Board of directors and committees
The Board of Directors of Kinepolis Group consists of ten members, four of whom can be considered as independent of the majority shareholders and management. Executive Management is formed by the CEO, Eddy Duquenne.
|NAME||MANDATE||END OF MANDATE|
|nv Pentascoop, represented by Mr. Joost Bert (1)(2)||Chairman||2020|
|Mr. Philip Ghekiere (1)(2)||Vice Chairman||2020|
|Mr. Eddy Duquenne||CEO||2020|
|bvba Marion Debruyne represented by Mrs. Marion Debruyne*||Director||2019|
|bvba Pallanza Invest, represented by Mr. Geert Vanderstappen***||Director||2022|
|Gobes Comm.V., represented by Mr. Rafaël Decaluwé**||Director||2019|
|van Zutphen Consulting bv represented by Mrs. Annelies van Zutphen||Independent Director||2019|
|bvba Mavac, represented by Mrs. Marleen Vaesen||Independent Director||2020|
|bvba SDL Advice, represented by Mrs. Sonja Rottiers||Independent Director||2020|
|ebvba 4F, represented by Mr. Ignace Van Doorselaere****||Independent Director||2019|
(1) Non-executive director (2) Representing the majority shareholders * Other mandates within Ackermans & Van Haaren nv ** Other mandates within Jensen Group nv *** Other mandates within Smartphoto Group nv **** Other mandates within Neuhaus nv
The Board of Directors consists of ten members, four of whom can be considered as independent of the majority shareholders and management. These independent directors fulfil the criteria as stated in the Article 526 ter of the Companies Code ‘establishing the criteria for independent directors’ and were appointed upon nomination by the Board of Directors, which was advised on this matter by the Nomination and Remuneration Committee. The reference shareholders did not use their nomination right with regard to these appointments.
The Board regularly reviews the criteria for its composition and of its committees, in light of ongoing and future developments and expectations, as well as its strategic objectives. The Board gives appropriate attention to complementarity and diversity among its members, including gender and age diversity, and ensures a balance between innovation and continuity in order that the acquired knowledge and history can be passed on efficiently in the Board and its committees.
On the General Assembly of 2018 two new board members have been appointed: BVBA Mavac, represented by Mrs. Marleen Vaesen, and BVBA SDL Advice, represented by Mrs. Sonja Rottiers. The Board of Directors is convinced that the extensive management experience of the two directors in diverse sectors and their people-oriented growth philosophy will add value to the Board of Directors of Kinepolis Group.
Contrary to Stipulation 2.9 of the Belgian Corporate Governance Code 2009, the Board of Directors has not appointed a secretary, as it believes these duties can be fulfilled by the President assisted by the Senior Legal Advisor, bearing in mind the limited size of the Company.

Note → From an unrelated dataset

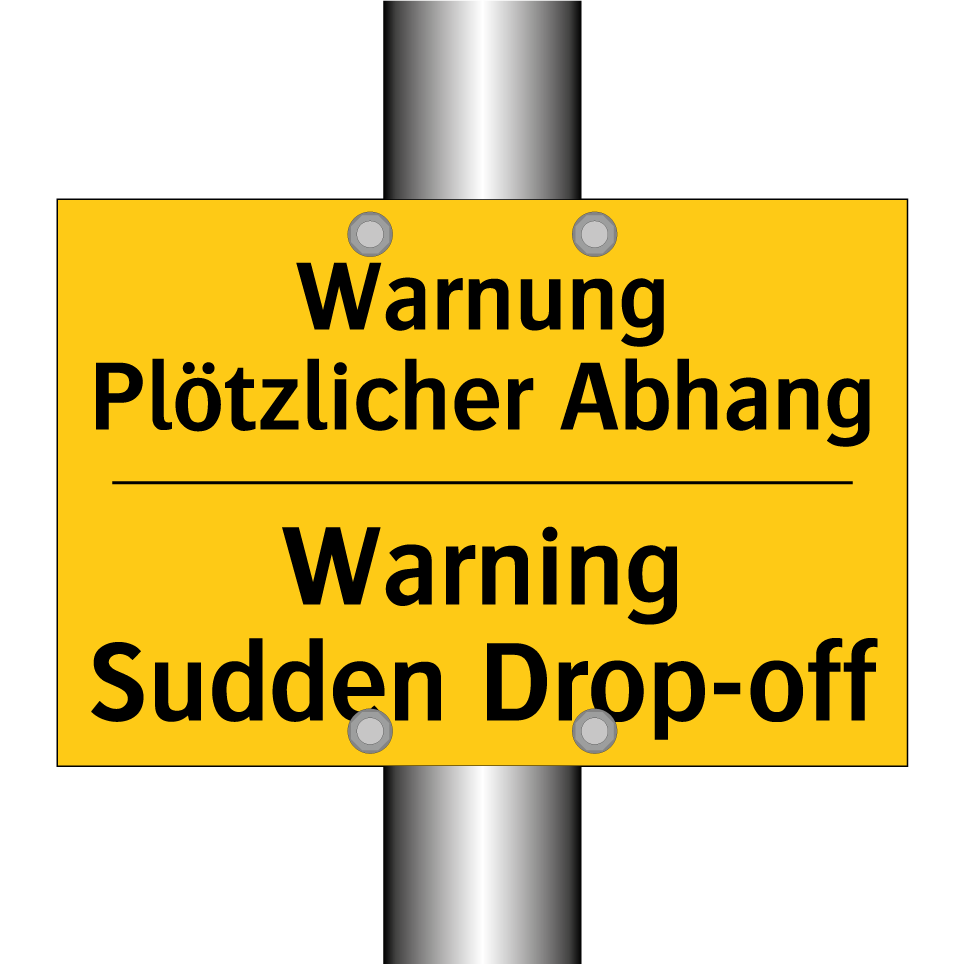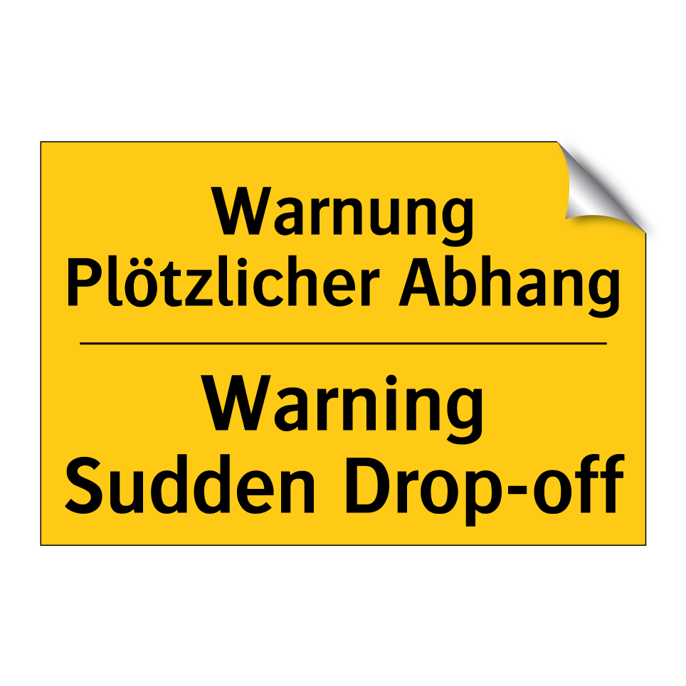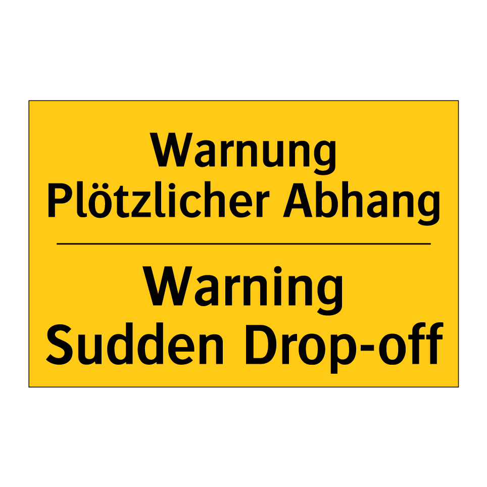 Zweisprachiges Warnschild mit deutschem Text Warnung Plötzlicher Abhang und englischem Text Warning Sudden Drop-off

Nomination and Remuneration Committee
In accordance with the possibility provided for in the Corporate Governance Code, Kinepolis Group nv has one joint committee – the Nomination and Remuneration Committee.
This committee consists of the following non-executive directors, the majority of whom are independent directors with the necessary expertise and professional experience in human resources, bearing in mind their previous and/or current business activities:
★ Mr. Joost Bert, Chairman of Kinepolis Group nv ;
★ bvba SDL Advice (*), whose permanent representative is Mrs. Sonja Rottiers ;
★ 4F ebvba (*), whose permanent representative is Mr. Ignace Van Doorselaere, CEO of Neuhaus.
Mr. Joost Bert is President of the Nomination and Remuneration Committee. The Chief Executive Officer may attend the meetings of the Nomination and Remuneration Committee (NRC) by invitation.
(*) Independent director
Pursuant to Article 526 bis of the Companies Code, the Audit Committee is exclusively composed of non-executive directors of whom the majority are also independent. The Audit Committee, as a whole, has the appropriate expertise with regard to accounting and auditing and was composed as follows:
★ Pallanza Invest bvba, whose permanent representative is Mr. Geert Vanderstappen, who combines five years’ experience as Corporate Officer at Generale Bank’s Corporate & Investment Banking with seven years’ operational experience as CFO at Smartphoto group nv and is now Managing Partner at Pentahold;
★ bvba Mavac (*), whose permanent representative is Mrs. Marleen Vaesen ;
★ bvba SDL Advice (*), whose permanent representative is Mrs. Sonja Rottiers.
Mr. Geert Vanderstappen is the Chairman of the Audit Committee. The Chief Financial Officer, the Chief Executive Officer and the internal auditor attend the meetings of the Audit Committee.